Мотор глушится автоматически только в "гибридах", которые большого распространения не получили из-за мнимости многих преимуществ и наличия многих недостатков, сводящих реальные преимущества почти на нет. Громадное большинство (почти все теперь) имеет автоматические коробки и понятия не имеет, как ездить со сцеплением и на ручном переключении передач. Даже если оспорить это последнее наблюдение, всё равно в тексте описывается человек, привыкший ездить на "автомате". 

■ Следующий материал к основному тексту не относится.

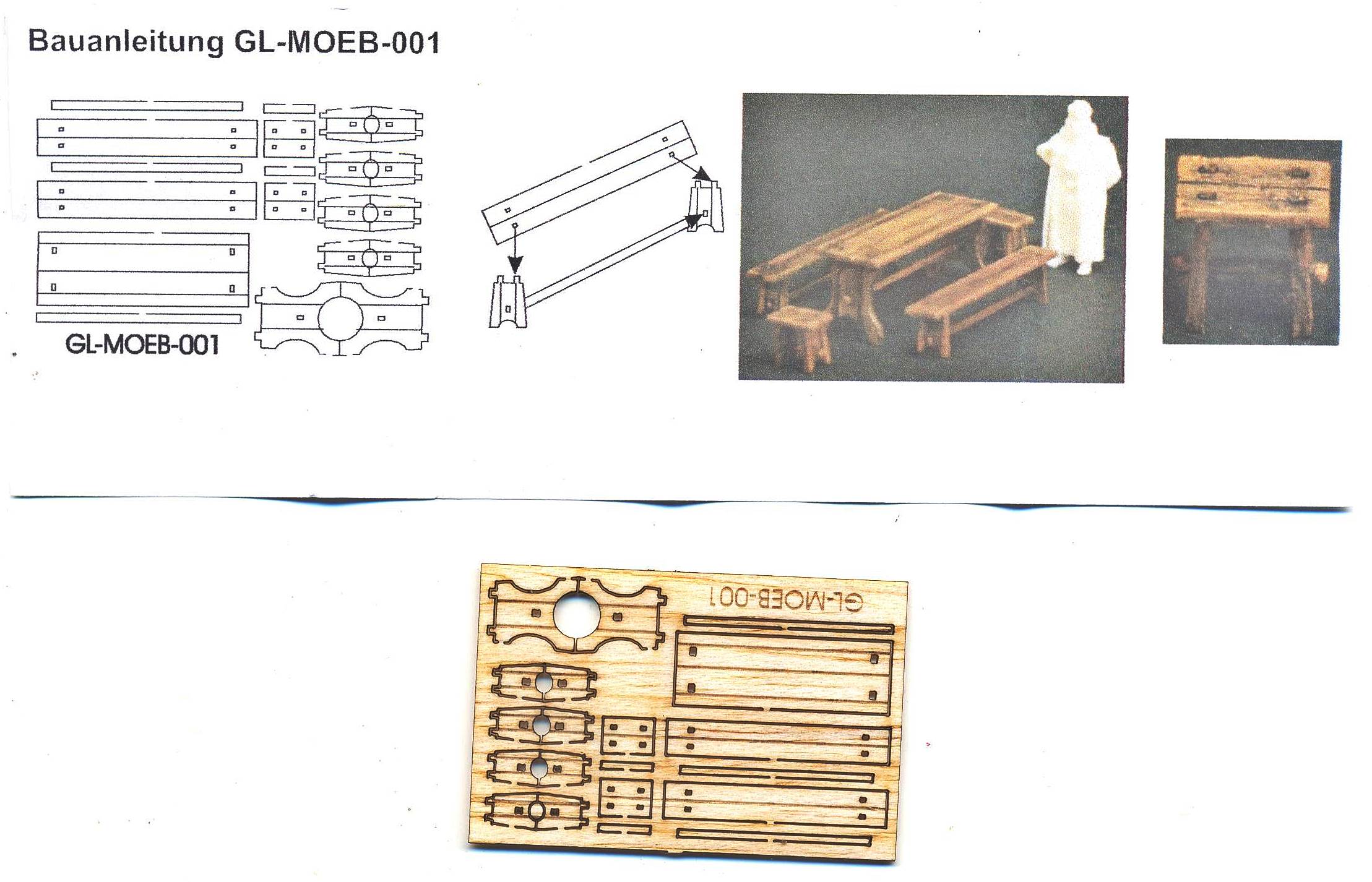 | GL-MOEB-001 | Table, benches and stools. | Laser cut wood. Medieval style, but probably ok for a provincial pub. | Picture | ||

Так что, всё-таки, описана реальная жизненная ситуация, в которой такая, казалось бы, сугубо техническая подробность, как перевод рычага в "паркинг", говорит о многом в двух словах: что человек за рулём парится в ожидании и тихо клянёт про себя тупых и медлительных уродов, десятки раз хлопающих дверцами и багажниками, заводящими за ручку переросших отпрысков в машину, проверяющего сумки, портфели и пуговицы, но нисколько не думающих об очереди ожидания позади них. Пока кто-то очередной отъедет и очередь продвинется вослед ему на корпус машины, двигатель и нога смогут чуть отдохнуть в положении "паркинг".


----------



## stam-adam

Спасибо всем за интересное обсуждение. все ответы и комментарии были полезны, каждый со своей перспективы


----------



## Q-cumber

Rosett said:


> Перевести рычаг в паркинг означает в быту приготовиться к более длительному ожиданию в пробке и нарастающее раздражение в связи этим.
> 
> На самом деле, мотору одинаково легко работать как на нейтрали, так и в положении "паркинг", с той только разницей, что на нейтрали нужен ещё и тормоз, ножной или ручной, чтоб не укатиться в случае чего.
> Мотор глушится автоматически только в "гибридах", которые большого распространения не получили из-за мнимости многих преимуществ и наличия многих недостатков, сводящих реальные преимущества почти на нет. Громадное большинство (почти все теперь) имеет автоматические коробки и понятия не имеет, как ездить со сцеплением и на ручном переключении передач. Даже если оспорить это последнее наблюдение, всё равно в тексте описывается человек, привыкший ездить на "автомате".
> 
> Так что, всё-таки, описана реальная жизненная ситуация, в которой такая, казалось бы, сугубо техническая подробность, как перевод рычага в "паркинг", говорит о многом в двух словах: что человек за рулём парится в ожидании и тихо клянёт про себя тупых и медлительных уродов, десятки раз хлопающих дверцами и багажниками, заводящими за ручку переросших отпрысков в машину, проверяющего сумки, портфели и пуговицы, но нисколько не думающих об очереди ожидания позади них. Пока кто-то очередной отъедет и очередь продвинется вослед ему на корпус машины, двигатель и нога смогут чуть отдохнуть в положении "паркинг".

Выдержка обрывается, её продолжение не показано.